**TASK DIRECTIONS:**
Transcribe each line below verbatim; pictures excluded.

**COLLECTED DATA:**
++++++++++
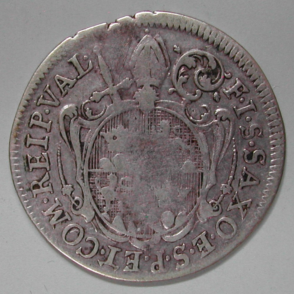 AS: F•I•S•SAXO•E•S•P•ET•COM•REIP•VAL•, mitriertes, ovales Wappen zwischenZweigen
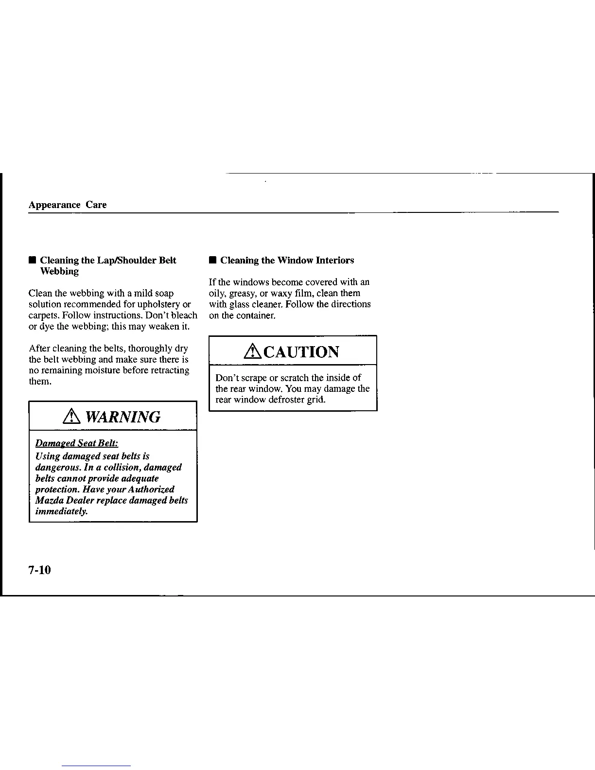 I Cleaning the Lap/Shoulder Belt I Cl€sning the Window Interiorc
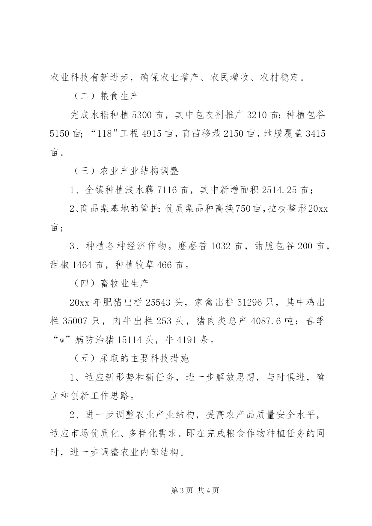 第PAGE\*Arabic\*MERGEFORMAT4页共NUMPAGES\*MERGEFORMAT4页乡镇农业技术综合服务站工作总结文章标题:乡镇农业技术综合服务站20xx年工作总结乡镇农业技术综合服务站20xx年工作总结一、冬季农业生产工作冬季农业生产工作是农业生产上的延伸和拓展,是农业发展进入新阶段的必然产物,是传统农业以粮食为主向粮、经、饲及畜牧业发展的转变,是提高农业整体效益,增加农民收入,最终实现向现代农业转变的需要。(一)指导思想以邓小平理论和江泽民“三个代表”重要思想为指导,认真贯彻落实各级农村工作会议精神,解放思想,树立大农业的观念,坚持粮经并重,突出农民增收,以市场为导向、效益为中心、增收为目标、科技为动力、资源为依托、突出特色、优化结构、区域布局,大力调整农业产业结构,发展农业产业化经营,全面提高冬季农业生产质量和效益,实现“稳粮调结构、提质增效益、增收保稳定”的目标。(二)完成的工作全镇种植小麦20xx亩,大麦2500亩,蚕豆4000亩,油菜1200亩,早秋豌豆200亩,萝卜4700亩。洋蓟预计1619.2亩,目前已种500亩,确保栽种1500亩。(三)采取的主要科技措施1、解放思想,提高对冬季农业开发重要性的认识;2、面向市场,因地制宜,调整和优化作物结构;3、抓好作物区域布局,解决好大小春作物茬口矛盾;4、加大科技推广应用力度,全面提高农业生产科技含量;5、切实加强对畜牧业生产的领导,促进畜牧业健康稳定发展;6、优化浅水藕品种结构,提高蔬菜生产效益;7、加强果园冬季管护,做好优质梨的高换工作;8、加强对冬季农业开发的社会化服务工作。二、大春生产工作(一)指导思想认真贯彻党的十六大和各级农村工作会议精神,与时俱进,开拓创新,适应全面建设小康社会和加入世贸组织新形势的需要,继续把农业结构战略化调整引向深入,千方百计增加农民收入。按照“围绕增收调结构、突出特色闯市场、依靠科技增效益”的思路,着力调整种养植业结构,优化农产品区域布局,建设特色农产品基地,提高种植业经济效益。大力发展畜牧业,推进畜牧业的集约化、产业化经营,加快畜牧业现代化进程。牢固树立扶持产业化就是扶持农业,扶持龙头企业就是扶持农业的思想,通过产业化经营,给农民带来更大更多的实惠。力求农村改革有新突破,农业和农村经济调整有新进展,农业产业化经营有新提高,农业科技有新进步,确保农业增产、农民增收、农村稳定。(二)粮食生产完成水稻种植5300亩,其中包衣剂推广3210亩;种植包谷5150亩;“118”工程4915亩,育苗移栽2150亩,地膜覆盖3415亩。(三)农业产业结构调整1、全镇种植浅水藕7116亩,其中新增面积2514.25亩;2、商品梨基地的管护:优质梨品种高换750亩,拉枝整形20xx亩;3、种植各种经济作物。麽麽香1032亩,甜脆包谷200亩,甜椒1464亩,种植牧草466亩。(四)畜牧业生产20xx年肥猪出栏25543头,家禽出栏51296只,其中鸡出栏35007只,肉牛出栏253头,猪肉类总产4087.6吨;春季“w”病防治猪15114头,牛4191条。(五)采取的主要科技措施1、适应新形势和新任务,进一步解放思想,与时俱进,确立和创新工作思路。2、进一步调整农业产业结构,提高农产品质量安全水平,适应市场优质化、多样化需求。即在完成粮食作物种植任务的同时,进一步调整农业内部结构。3、乡镇农业技术综合服务站工作总结把畜牧业生产作为农业经济发展的新的增长点,加快全镇畜牧业发展的步伐。4、以优质梨高换为重点,抓好商品梨基地的建设。5、按照无公害生产的要求做好技术指导和服务工作,促进水生蔬菜的发展向规模化、产业化的方向发展。6、进一步调整粮食生产品质结构,提高粮食生产的质量和效益。7、进一步加强技术上的综合服务,确保各项农业工作的顺利开展。《乡镇农业技术综合服务站20xx年工作总结》来源于文秘114网,欢迎阅读乡镇农业技术综合服务站20xx年工作总结。
++++++++++
**RESULT:**
 AS: F•I•S•SAXO•E•S•P•ET•COM•REIP•VAL•, mitriertes, ovales Wappen zwischenZweigen
 I Cleaning the Lap/Shoulder Belt I Cl€sning the Window Interiorc
 第PAGE\*Arabic\*MERGEFORMAT4页共NUMPAGES\*MERGEFORMAT4页乡镇农业技术综合服务站工作总结文章标题:乡镇农业技术综合服务站20xx年工作总结乡镇农业技术综合服务站20xx年工作总结一、冬季农业生产工作冬季农业生产工作是农业生产上的延伸和拓展,是农业发展进入新阶段的必然产物,是传统农业以粮食为主向粮、经、饲及畜牧业发展的转变,是提高农业整体效益,增加农民收入,最终实现向现代农业转变的需要。(一)指导思想以邓小平理论和江泽民“三个代表”重要思想为指导,认真贯彻落实各级农村工作会议精神,解放思想,树立大农业的观念,坚持粮经并重,突出农民增收,以市场为导向、效益为中心、增收为目标、科技为动力、资源为依托、突出特色、优化结构、区域布局,大力调整农业产业结构,发展农业产业化经营,全面提高冬季农业生产质量和效益,实现“稳粮调结构、提质增效益、增收保稳定”的目标。(二)完成的工作全镇种植小麦20xx亩,大麦2500亩,蚕豆4000亩,油菜1200亩,早秋豌豆200亩,萝卜4700亩。洋蓟预计1619.2亩,目前已种500亩,确保栽种1500亩。(三)采取的主要科技措施1、解放思想,提高对冬季农业开发重要性的认识;2、面向市场,因地制宜,调整和优化作物结构;3、抓好作物区域布局,解决好大小春作物茬口矛盾;4、加大科技推广应用力度,全面提高农业生产科技含量;5、切实加强对畜牧业生产的领导,促进畜牧业健康稳定发展;6、优化浅水藕品种结构,提高蔬菜生产效益;7、加强果园冬季管护,做好优质梨的高换工作;8、加强对冬季农业开发的社会化服务工作。二、大春生产工作(一)指导思想认真贯彻党的十六大和各级农村工作会议精神,与时俱进,开拓创新,适应全面建设小康社会和加入世贸组织新形势的需要,继续把农业结构战略化调整引向深入,千方百计增加农民收入。按照“围绕增收调结构、突出特色闯市场、依靠科技增效益”的思路,着力调整种养植业结构,优化农产品区域布局,建设特色农产品基地,提高种植业经济效益。大力发展畜牧业,推进畜牧业的集约化、产业化经营,加快畜牧业现代化进程。牢固树立扶持产业化就是扶持农业,扶持龙头企业就是扶持农业的思想,通过产业化经营,给农民带来更大更多的实惠。力求农村改革有新突破,农业和农村经济调整有新进展,农业产业化经营有新提高,农业科技有新进步,确保农业增产、农民增收、农村稳定。(二)粮食生产完成水稻种植5300亩,其中包衣剂推广3210亩;种植包谷5150亩;“118”工程4915亩,育苗移栽2150亩,地膜覆盖3415亩。(三)农业产业结构调整1、全镇种植浅水藕7116亩,其中新增面积2514.25亩;2、商品梨基地的管护:优质梨品种高换750亩,拉枝整形20xx亩;3、种植各种经济作物。麽麽香1032亩,甜脆包谷200亩,甜椒1464亩,种植牧草466亩。(四)畜牧业生产20xx年肥猪出栏25543头,家禽出栏51296只,其中鸡出栏35007只,肉牛出栏253头,猪肉类总产4087.6吨;春季“w”病防治猪15114头,牛4191条。(五)采取的主要科技措施1、适应新形势和新任务,进一步解放思想,与时俱进,确立和创新工作思路。2、进一步调整农业产业结构,提高农产品质量安全水平,适应市场优质化、多样化需求。即在完成粮食作物种植任务的同时,进一步调整农业内部结构。3、乡镇农业技术综合服务站工作总结把畜牧业生产作为农业经济发展的新的增长点,加快全镇畜牧业发展的步伐。4、以优质梨高换为重点,抓好商品梨基地的建设。5、按照无公害生产的要求做好技术指导和服务工作,促进水生蔬菜的发展向规模化、产业化的方向发展。6、进一步调整粮食生产品质结构,提高粮食生产的质量和效益。7、进一步加强技术上的综合服务,确保各项农业工作的顺利开展。《乡镇农业技术综合服务站20xx年工作总结》来源于文秘114网,欢迎阅读乡镇农业技术综合服务站20xx年工作总结。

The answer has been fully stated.